_What to produce_: Would you retype exactly the lines below, starting with the one that has "Régua super resistente" and going on through the one that has "BEŞ DEVİR (Manzum", with no pictures and nothing else?

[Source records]
=== Begin Enclosure ===

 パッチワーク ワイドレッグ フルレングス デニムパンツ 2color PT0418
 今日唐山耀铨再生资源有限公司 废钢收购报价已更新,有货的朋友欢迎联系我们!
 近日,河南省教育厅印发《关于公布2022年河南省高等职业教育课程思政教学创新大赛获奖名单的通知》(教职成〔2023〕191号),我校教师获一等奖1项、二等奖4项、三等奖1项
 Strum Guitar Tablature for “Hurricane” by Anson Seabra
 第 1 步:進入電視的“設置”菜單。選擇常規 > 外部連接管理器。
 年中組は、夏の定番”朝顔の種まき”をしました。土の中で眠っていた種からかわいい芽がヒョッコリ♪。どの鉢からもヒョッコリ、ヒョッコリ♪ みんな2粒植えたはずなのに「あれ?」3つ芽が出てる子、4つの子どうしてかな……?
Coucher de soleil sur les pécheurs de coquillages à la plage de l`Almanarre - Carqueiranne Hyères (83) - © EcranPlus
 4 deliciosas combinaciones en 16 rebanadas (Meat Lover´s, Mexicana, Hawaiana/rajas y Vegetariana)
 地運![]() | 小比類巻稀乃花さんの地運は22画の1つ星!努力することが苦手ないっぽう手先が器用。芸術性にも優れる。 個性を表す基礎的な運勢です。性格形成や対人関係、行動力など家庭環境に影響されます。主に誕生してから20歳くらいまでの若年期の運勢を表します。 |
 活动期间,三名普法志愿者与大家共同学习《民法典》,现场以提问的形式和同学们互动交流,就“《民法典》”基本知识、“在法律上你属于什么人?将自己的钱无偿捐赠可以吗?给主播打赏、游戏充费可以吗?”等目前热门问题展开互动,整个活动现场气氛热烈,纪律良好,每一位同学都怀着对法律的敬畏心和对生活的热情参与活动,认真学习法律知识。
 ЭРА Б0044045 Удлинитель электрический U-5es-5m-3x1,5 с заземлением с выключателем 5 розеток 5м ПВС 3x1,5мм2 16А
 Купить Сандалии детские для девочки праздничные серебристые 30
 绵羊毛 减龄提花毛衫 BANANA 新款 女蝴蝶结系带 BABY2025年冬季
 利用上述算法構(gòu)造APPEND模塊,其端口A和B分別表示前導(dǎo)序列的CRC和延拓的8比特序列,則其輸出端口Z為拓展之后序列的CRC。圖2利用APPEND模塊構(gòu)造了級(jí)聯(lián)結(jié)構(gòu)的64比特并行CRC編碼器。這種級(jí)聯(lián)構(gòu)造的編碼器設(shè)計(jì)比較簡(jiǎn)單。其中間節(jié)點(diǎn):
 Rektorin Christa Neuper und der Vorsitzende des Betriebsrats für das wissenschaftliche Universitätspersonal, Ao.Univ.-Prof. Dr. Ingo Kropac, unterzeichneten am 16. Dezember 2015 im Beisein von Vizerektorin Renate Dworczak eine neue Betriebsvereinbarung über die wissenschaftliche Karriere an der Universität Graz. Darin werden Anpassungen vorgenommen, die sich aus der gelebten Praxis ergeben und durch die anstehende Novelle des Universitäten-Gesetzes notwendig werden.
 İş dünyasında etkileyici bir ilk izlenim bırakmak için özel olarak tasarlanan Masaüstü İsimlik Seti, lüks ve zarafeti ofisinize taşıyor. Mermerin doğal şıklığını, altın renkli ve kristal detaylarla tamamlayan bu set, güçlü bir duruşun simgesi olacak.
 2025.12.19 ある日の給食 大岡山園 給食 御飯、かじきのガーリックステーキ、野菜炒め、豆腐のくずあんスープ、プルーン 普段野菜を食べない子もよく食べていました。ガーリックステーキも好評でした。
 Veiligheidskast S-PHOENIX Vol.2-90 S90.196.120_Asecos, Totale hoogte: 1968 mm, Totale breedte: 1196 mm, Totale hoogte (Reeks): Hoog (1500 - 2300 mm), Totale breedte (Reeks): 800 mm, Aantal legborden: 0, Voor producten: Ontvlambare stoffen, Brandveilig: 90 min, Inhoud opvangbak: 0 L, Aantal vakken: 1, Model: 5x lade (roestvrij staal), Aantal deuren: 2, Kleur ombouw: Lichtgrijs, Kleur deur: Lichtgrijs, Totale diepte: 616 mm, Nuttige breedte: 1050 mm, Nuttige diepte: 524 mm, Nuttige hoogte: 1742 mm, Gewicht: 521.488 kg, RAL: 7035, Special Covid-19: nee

=== End Enclosure ===
=== Begin Enclosure ===

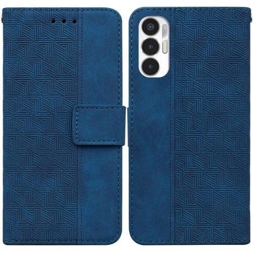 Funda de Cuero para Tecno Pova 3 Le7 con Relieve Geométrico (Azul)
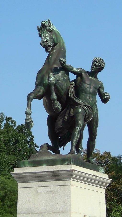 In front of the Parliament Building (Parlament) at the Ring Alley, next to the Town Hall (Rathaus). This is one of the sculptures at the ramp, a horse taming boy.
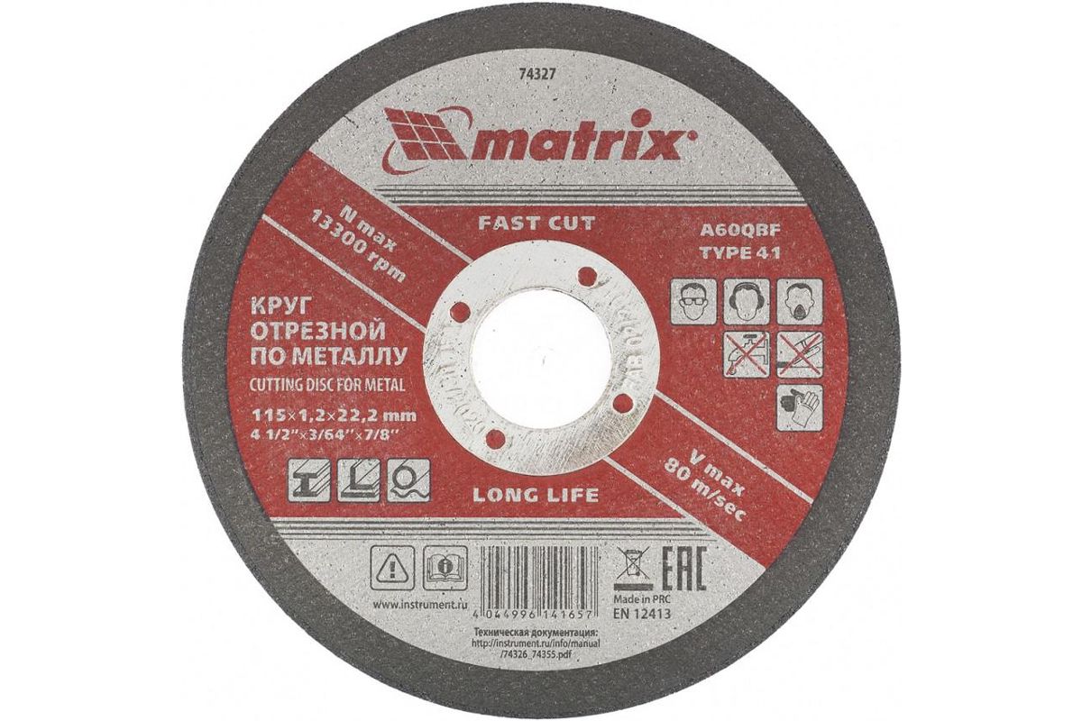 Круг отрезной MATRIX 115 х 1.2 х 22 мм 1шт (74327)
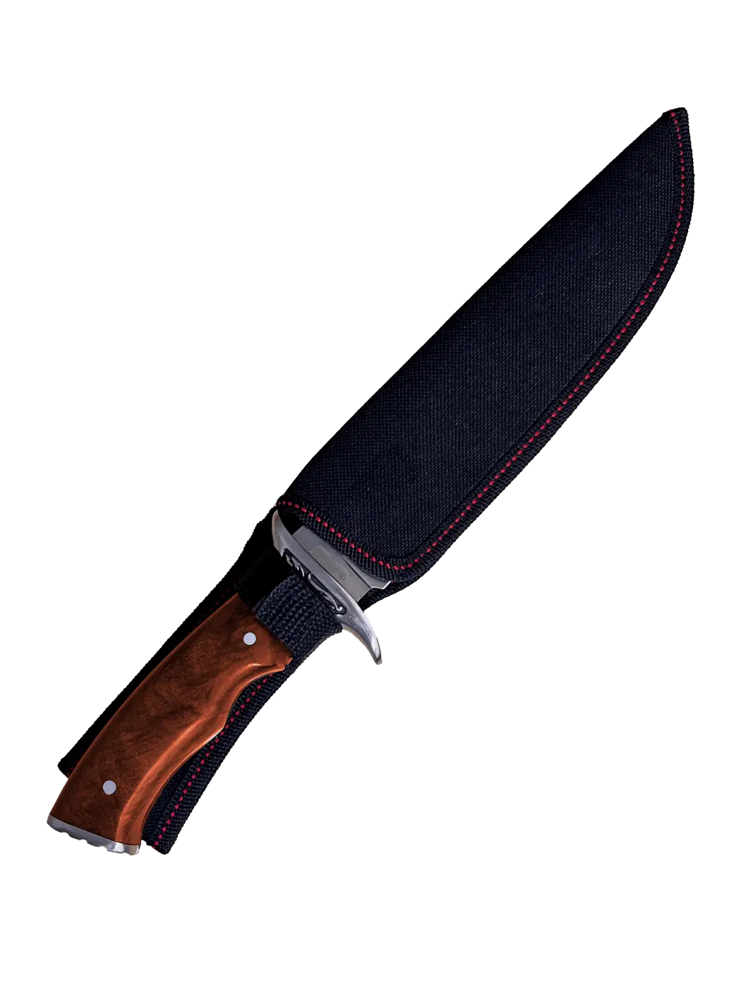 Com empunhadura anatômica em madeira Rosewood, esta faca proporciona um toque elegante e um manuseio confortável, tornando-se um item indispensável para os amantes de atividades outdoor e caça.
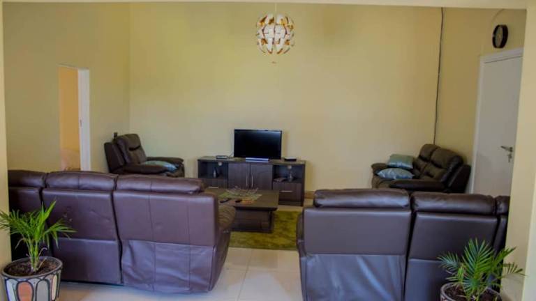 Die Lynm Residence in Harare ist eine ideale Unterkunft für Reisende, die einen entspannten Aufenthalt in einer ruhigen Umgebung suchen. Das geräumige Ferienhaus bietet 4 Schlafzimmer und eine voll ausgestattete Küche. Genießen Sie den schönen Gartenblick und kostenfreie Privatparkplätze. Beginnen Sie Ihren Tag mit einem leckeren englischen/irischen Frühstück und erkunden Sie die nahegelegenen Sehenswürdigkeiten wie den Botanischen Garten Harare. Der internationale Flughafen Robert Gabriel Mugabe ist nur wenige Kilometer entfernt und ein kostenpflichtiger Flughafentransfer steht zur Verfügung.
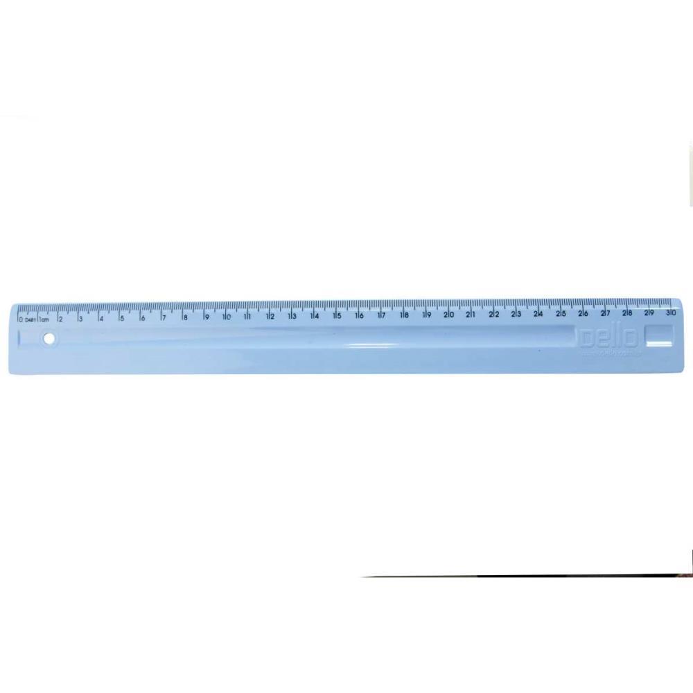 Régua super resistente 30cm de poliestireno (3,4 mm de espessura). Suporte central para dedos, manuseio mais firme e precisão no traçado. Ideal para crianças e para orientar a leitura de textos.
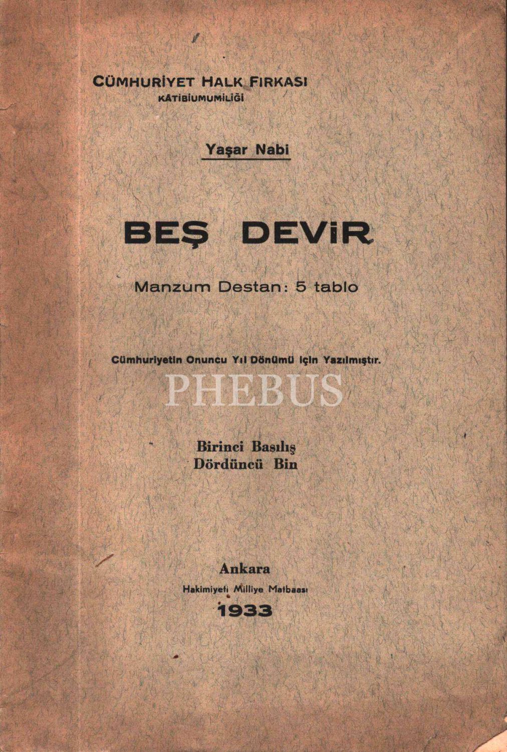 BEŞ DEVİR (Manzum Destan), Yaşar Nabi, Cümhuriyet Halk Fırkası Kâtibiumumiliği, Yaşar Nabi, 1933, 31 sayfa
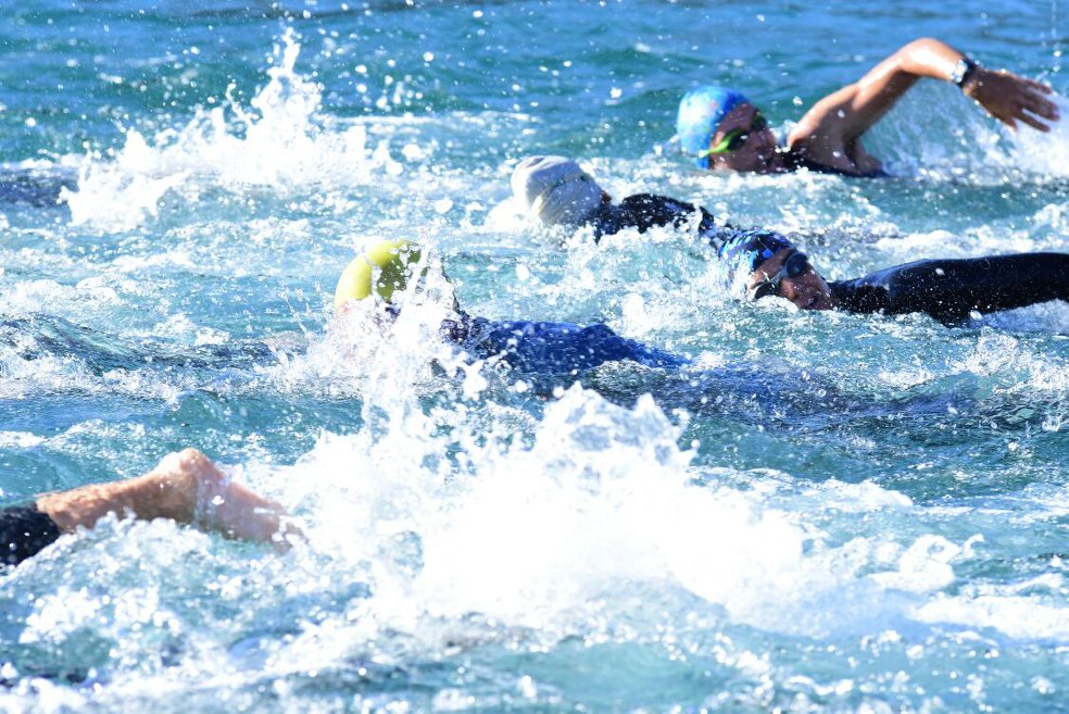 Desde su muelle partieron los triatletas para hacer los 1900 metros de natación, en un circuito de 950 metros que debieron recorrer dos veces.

=== End Enclosure ===

_Solution below_:
 Régua super resistente 30cm de poliestireno (3,4 mm de espessura). Suporte central para dedos, manuseio mais firme e precisão no traçado. Ideal para crianças e para orientar a leitura de textos.
 BEŞ DEVİR (Manzum Destan), Yaşar Nabi, Cümhuriyet Halk Fırkası Kâtibiumumiliği, Yaşar Nabi, 1933, 31 sayfa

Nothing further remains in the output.